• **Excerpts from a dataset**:
== Segment start ==

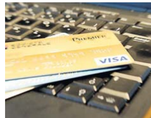
Un mode opératoire difficile à détecter.

Les escroqueries à la carte bancaire explosent
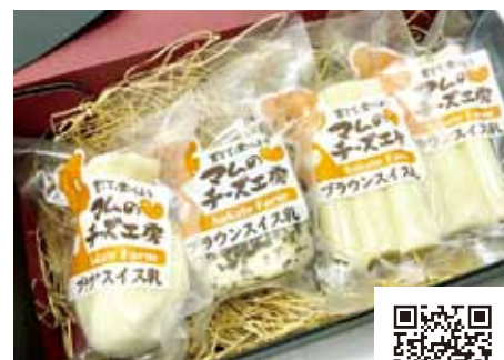
【坂手ファーム】 チーズ3種セット

希少なフランス産牛の新鮮な牛乳を使用し保存料や安定剤を一切使わず手作りの、栄養豊富なこだわりのチーズです。ミルクの風味が豊かでまろやかな味わいなのであっさりして食べやすいのが特徴です。
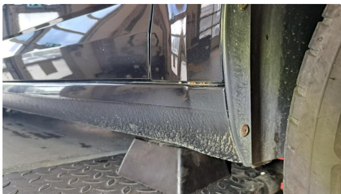
1.1 Litt lakslitasje bak hjul.

== Segment end ==

Without the images, output all the entries exactly as they stand.

• **Solution to this exercise**:
Un mode opératoire difficile à détecter.

Les escroqueries à la carte bancaire explosent
【坂手ファーム】 チーズ3種セット

希少なフランス産牛の新鮮な牛乳を使用し保存料や安定剤を一切使わず手作りの、栄養豊富なこだわりのチーズです。ミルクの風味が豊かでまろやかな味わいなのであっさりして食べやすいのが特徴です。
1.1 Litt lakslitasje bak hjul.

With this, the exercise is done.